_Your goal_:
Find the string "Армении" in the listing below and return each line it appears in.

_Data to process_:
───

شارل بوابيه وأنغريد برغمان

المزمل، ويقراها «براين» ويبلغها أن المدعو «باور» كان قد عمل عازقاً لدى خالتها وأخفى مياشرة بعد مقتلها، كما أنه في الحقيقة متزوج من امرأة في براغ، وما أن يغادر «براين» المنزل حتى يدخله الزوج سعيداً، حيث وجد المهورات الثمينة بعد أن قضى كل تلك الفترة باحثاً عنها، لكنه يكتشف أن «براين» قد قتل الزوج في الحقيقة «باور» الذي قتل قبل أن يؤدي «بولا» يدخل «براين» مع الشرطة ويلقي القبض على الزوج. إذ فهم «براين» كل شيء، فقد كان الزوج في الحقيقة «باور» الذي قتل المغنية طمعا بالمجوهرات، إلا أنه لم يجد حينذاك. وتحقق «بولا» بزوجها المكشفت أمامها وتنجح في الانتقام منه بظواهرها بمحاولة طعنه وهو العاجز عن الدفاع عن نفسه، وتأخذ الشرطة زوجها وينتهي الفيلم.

───

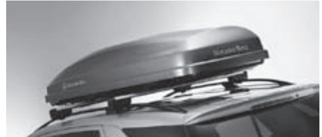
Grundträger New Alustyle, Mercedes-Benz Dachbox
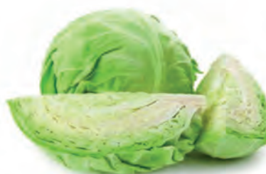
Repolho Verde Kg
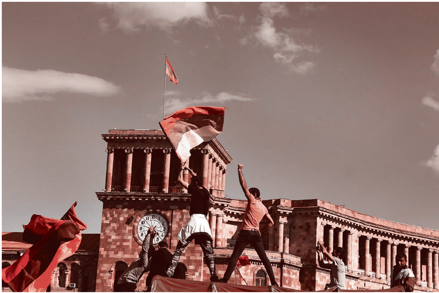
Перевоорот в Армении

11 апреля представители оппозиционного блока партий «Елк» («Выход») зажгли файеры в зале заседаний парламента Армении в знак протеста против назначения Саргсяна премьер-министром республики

───

_Reply_:
Перевоорот в Армении
11 апреля представители оппозиционного блока партий «Елк» («Выход») зажгли файеры в зале заседаний парламента Армении в знак протеста против назначения Саргсяна премьер-министром республики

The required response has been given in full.